■ **TASK DIRECTIONS**: Retype, character for character, the line containing "While snowshoeing at" along with each line after it through the end of the data, and only those.

-- DATASET follows --

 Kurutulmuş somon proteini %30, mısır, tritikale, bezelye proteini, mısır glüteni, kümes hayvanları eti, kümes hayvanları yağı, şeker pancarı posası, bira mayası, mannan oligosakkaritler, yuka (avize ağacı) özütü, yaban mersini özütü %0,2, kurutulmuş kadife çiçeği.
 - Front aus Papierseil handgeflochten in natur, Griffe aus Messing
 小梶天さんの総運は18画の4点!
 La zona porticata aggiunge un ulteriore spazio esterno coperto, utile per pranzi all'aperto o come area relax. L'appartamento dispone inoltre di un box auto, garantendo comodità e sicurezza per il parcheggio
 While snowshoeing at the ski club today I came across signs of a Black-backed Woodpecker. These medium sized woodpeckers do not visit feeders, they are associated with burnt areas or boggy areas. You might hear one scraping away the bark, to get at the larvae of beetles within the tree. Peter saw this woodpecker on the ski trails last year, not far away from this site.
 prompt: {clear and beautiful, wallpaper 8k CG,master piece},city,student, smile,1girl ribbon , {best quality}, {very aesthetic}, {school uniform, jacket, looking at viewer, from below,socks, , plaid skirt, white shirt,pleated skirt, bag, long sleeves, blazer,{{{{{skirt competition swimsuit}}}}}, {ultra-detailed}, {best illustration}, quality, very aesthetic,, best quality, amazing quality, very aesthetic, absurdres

-- DATASET concluded --

■ **RESPONSE**:
 While snowshoeing at the ski club today I came across signs of a Black-backed Woodpecker. These medium sized woodpeckers do not visit feeders, they are associated with burnt areas or boggy areas. You might hear one scraping away the bark, to get at the larvae of beetles within the tree. Peter saw this woodpecker on the ski trails last year, not far away from this site.
 prompt: {clear and beautiful, wallpaper 8k CG,master piece},city,student, smile,1girl ribbon , {best quality}, {very aesthetic}, {school uniform, jacket, looking at viewer, from below,socks, , plaid skirt, white shirt,pleated skirt, bag, long sleeves, blazer,{{{{{skirt competition swimsuit}}}}}, {ultra-detailed}, {best illustration}, quality, very aesthetic,, best quality, amazing quality, very aesthetic, absurdres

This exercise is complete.